Inside a joyous Trump rally

 Tim Carney:


 I took in the beaming faces of the coal miners Doug and Josh in the bleachers to my left, the cheers of truck driver Scott Dilling standing next to me, the laughter of grandmothers, grandfathers, and the envelope-factory workers. Suddenly the moment was something else.

Part rock concert, part playoff game, the Trump rally in a tiny airport in a tiny town in Central Pa. — especially in the moments around Trump’s entrance—was exuberant.

“Fortunate Son” was the perfect celebratory song for the crowd. The coal miners, truck drivers, immigrants, blue-collar parents trying to raise a family, the landscapers — yes, mostly white, but also black, Hispanic, and Asian, including immigrants — were belting out with heartfelt sincerity “Some folks are born, silver spoon in hand, Lord, don't they help themselves, y'all… It ain't me... I ain't no fortunate son.”

Then Marine One landed, and a new song blared out the lyrics

I've paid my dues
Time after time
I've done my sentence
But committed no crime
And bad mistakes
I've made a few
I've had my share of sand kicked in my face
But I've come through…
We are the champions, my friends

The Central Pa. crowd sang along with this song, as a welcoming song of the president. The farmers, coal miners, gun-owners, bikers, have had their share of sand kicked in their face, but for now they feel like they’re winners. And it’s because of Trump.

Tim Carney the moralist was thinking about how perverse it was that these people were celebrating Trump. The 20-something suburban mom behind me was really 100-percent behind the “grab-em-by-the-p***y” guy? Are none of these people bothered by shifting farmers’ income from market income to subsidy income? What about his bad tweets?

Were these people really just celebrating that their guy—the guy who stands up for coal miners, for the “poorly educated,” for gun-owners—had his hand on the levers of power and was using them to entertain them?
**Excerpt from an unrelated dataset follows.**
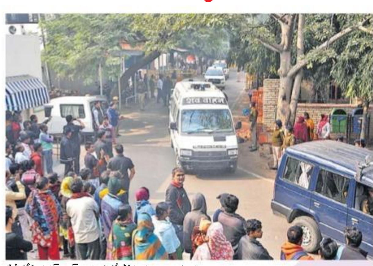
ఢిల్లీలోని సర్పరజంక్ ఆస్పత్రిలో హత్యమార్తం అనంతరం ఉన్నావో రేపి బాధితురాలి మృతదేహాన్ని తరలిస్తున్న దృశ్యం

న్యూఢిల్లీ, డిసెంబరు 7: నిలువెల్లా కాల్షిన్ గాయాలతో 40 గంటల పాటు మృత్యువుతో పోరాడిన 'ఆమె' ఓడిపోయింది. ఈ దుర్ఘటన అగణనమైన భరించలేనంతగా ఆమె గుండె ఆగిపోయింది. బెదిష్టతకు గురైన బంధువులు కలలు కన్న ఆ యువతి.. ఐదుగురు దుర్ఘటన పైకావికత్తానికి 25 ఏళ్ల తనను చాలించింది. తీవ్రమైన కాల్షిన్ గాయాలతో ఉన్నావో బాధితురాలి మహిళా శుభ్రవారం రాత్రి కన్నుమూసింది. రాత్రి 11.40 గంటలకు ఆమె మరణించిందని ఢిల్లీలోని సర్పరజంక్ ఆస్పత్రి వైద్యులు ప్రకటించారు. 'ఆమె పరిస్థితి శుభ్రవారం రాత్రికి మరంత దిగజారింది. 11 గంటల ప్రాంతంలో కాల్షియాక్ అరిస్ట్ అయింది. మా ప్రయత్నాలు విఫలమై 11.40 గంటల ప్రాంతంలో మరణించింది' అని డాక్టర్ శలభకుమార్ ప్రకటించారు. పోస్ట్ మార్టమ్ కోసం మృత దేహాన్ని పోస్ట్ మార్టమ్ విభాగానికి పంపారు. ఉన్నావో జిల్లాలోని ఆమె స్వగృహానికి తరలిస్తారు. బెయిల్ మీద వచ్చిన ఇద్దరు.. మరో ముగ్గురితో కలిసి, న్యాయవాదిని కలిసేందుకు వెళ్తున్న ఆమెపై గురువారం తెల్లవారుజామున కిరోసిన్ పోసి నిప్పంటించిన సంగతి తెలిసిందే.

Then I recalled all the other institutions that we might expect to be apolitical, or to avoid taking sides in the culture war. YouTube is currently trying desperately to lead people away from the videos of Biden calling for a ban on fracking. Facebook and Twitter tried to cut off access to New York Post stories on Hunter Biden’s influence peddling. Our federal law enforcement agencies spied on Trump’s 2016 campaign. Our major media have stopped pretending they’re not partisan actors.

Trump’s fly-by was simply a turning of the tables, it seemed, as Queen blared. It was the people who had been crapped on for years by both parties, by the media, and by academia, getting to be the champions. As Trump would later put it in the rally, "rule of the people" was, for now at least, triumphing over the "rule of the corrupt political class."
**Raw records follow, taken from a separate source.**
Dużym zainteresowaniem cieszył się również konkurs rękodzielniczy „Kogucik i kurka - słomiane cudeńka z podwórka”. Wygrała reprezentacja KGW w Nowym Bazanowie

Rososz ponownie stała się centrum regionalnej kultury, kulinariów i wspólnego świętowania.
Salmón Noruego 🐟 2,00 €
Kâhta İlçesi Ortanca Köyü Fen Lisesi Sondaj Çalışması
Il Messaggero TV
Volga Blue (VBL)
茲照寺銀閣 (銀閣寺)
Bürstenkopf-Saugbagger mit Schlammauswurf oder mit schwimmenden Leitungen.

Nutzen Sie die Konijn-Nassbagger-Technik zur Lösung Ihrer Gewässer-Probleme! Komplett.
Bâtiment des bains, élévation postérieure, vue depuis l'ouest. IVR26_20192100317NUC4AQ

Was it bizarre that the working-class and rural folks around me would find “their guy” in a golden mansion atop a tower on Fifth Avenue? Sure. But what he says, and whose side he's on is what matters. That's what the Democrats say every election, right? Whose side are you on?

“He’s for our jobs,” Josh the coal miner said after the rally. Biden's against them. There's no reason to get more nuanced. Some people are for us. Some are against us. The elites against us use their power to get more power and make us look bad. (Remember Katie Couric's dishonest attack on gun owners?) Trump's for us.

Trump, as he walked the runway to the stage threw Red MAGA hats to the crowd. "Let's Go!!!!!" one young man behind me cheers as if his quarterback were taking the field. Trump embraced the crowd that otherwise is attacked by politicians.

Trump badmouthed Gov. Tom Wolf as the "governor who doesn't want you to do anything." This wasn't an exaggeration. Trump was talking about open schools, open churches, fracking, and coal mining -- all things Wolf has opposed or somehow impeded, and all the things that define daily life for so much of the crowd. Tom Wolf clearly just wishes you all would stop living the way you do, with your coal-smeared work uniforms, your churchiness, your hunting. Trump celebrates all those things.

Politicians--Republican and Democrat--have all been having fun, getting rich, flexing muscle, often to the detriment of the type of people in Blair County. Now they had their guy, riding in on a military chopper. They were going to have fun.


What every one of these people knows and feels in their bones is that the Democrats do not really care about them.  They care more about windmills and solar panels than the people who actually produce real energy.   What they also know is that Trump cares about them and their jobs.  Democrats are willing to sacrifice these people on the altar of "climate change" and Trump is trying to stop the carnage.  Trump is doing it like a rock star and these people appreciate it.